■ **Exercise objective**: Only an exact copy of every record counts as an answer.

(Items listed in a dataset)
Start of Block
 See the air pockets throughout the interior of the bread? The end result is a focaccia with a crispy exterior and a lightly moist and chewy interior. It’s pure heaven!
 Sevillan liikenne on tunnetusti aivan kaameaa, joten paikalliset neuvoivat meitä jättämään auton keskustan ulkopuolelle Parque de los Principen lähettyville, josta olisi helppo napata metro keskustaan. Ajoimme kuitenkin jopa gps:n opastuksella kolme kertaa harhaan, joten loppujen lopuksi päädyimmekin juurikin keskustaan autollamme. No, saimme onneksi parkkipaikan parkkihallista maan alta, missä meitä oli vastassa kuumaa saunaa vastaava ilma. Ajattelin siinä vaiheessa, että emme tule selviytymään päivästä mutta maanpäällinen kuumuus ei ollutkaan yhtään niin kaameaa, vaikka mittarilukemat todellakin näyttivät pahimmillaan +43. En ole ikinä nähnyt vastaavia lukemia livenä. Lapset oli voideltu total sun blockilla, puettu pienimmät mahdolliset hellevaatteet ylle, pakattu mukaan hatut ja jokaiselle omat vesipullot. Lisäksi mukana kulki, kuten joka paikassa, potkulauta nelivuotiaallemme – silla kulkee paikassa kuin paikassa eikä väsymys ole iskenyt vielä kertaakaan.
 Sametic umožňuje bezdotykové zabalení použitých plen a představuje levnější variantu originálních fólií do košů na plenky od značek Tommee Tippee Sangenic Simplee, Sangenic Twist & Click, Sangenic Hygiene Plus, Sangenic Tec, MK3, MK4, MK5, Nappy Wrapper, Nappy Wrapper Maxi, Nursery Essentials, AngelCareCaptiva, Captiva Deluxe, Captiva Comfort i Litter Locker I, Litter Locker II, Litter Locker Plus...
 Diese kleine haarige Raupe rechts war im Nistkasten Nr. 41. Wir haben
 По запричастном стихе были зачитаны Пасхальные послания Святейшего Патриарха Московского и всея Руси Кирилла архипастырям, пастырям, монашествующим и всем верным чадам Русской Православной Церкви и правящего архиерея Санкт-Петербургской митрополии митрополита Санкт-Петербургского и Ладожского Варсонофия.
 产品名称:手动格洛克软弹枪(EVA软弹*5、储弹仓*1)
End of Block
■ **Result of this exercise**:
 See the air pockets throughout the interior of the bread? The end result is a focaccia with a crispy exterior and a lightly moist and chewy interior. It’s pure heaven!
 Sevillan liikenne on tunnetusti aivan kaameaa, joten paikalliset neuvoivat meitä jättämään auton keskustan ulkopuolelle Parque de los Principen lähettyville, josta olisi helppo napata metro keskustaan. Ajoimme kuitenkin jopa gps:n opastuksella kolme kertaa harhaan, joten loppujen lopuksi päädyimmekin juurikin keskustaan autollamme. No, saimme onneksi parkkipaikan parkkihallista maan alta, missä meitä oli vastassa kuumaa saunaa vastaava ilma. Ajattelin siinä vaiheessa, että emme tule selviytymään päivästä mutta maanpäällinen kuumuus ei ollutkaan yhtään niin kaameaa, vaikka mittarilukemat todellakin näyttivät pahimmillaan +43. En ole ikinä nähnyt vastaavia lukemia livenä. Lapset oli voideltu total sun blockilla, puettu pienimmät mahdolliset hellevaatteet ylle, pakattu mukaan hatut ja jokaiselle omat vesipullot. Lisäksi mukana kulki, kuten joka paikassa, potkulauta nelivuotiaallemme – silla kulkee paikassa kuin paikassa eikä väsymys ole iskenyt vielä kertaakaan.
 Sametic umožňuje bezdotykové zabalení použitých plen a představuje levnější variantu originálních fólií do košů na plenky od značek Tommee Tippee Sangenic Simplee, Sangenic Twist & Click, Sangenic Hygiene Plus, Sangenic Tec, MK3, MK4, MK5, Nappy Wrapper, Nappy Wrapper Maxi, Nursery Essentials, AngelCareCaptiva, Captiva Deluxe, Captiva Comfort i Litter Locker I, Litter Locker II, Litter Locker Plus...
 Diese kleine haarige Raupe rechts war im Nistkasten Nr. 41. Wir haben
 По запричастном стихе были зачитаны Пасхальные послания Святейшего Патриарха Московского и всея Руси Кирилла архипастырям, пастырям, монашествующим и всем верным чадам Русской Православной Церкви и правящего архиерея Санкт-Петербургской митрополии митрополита Санкт-Петербургского и Ладожского Варсонофия.
 产品名称:手动格洛克软弹枪(EVA软弹*5、储弹仓*1)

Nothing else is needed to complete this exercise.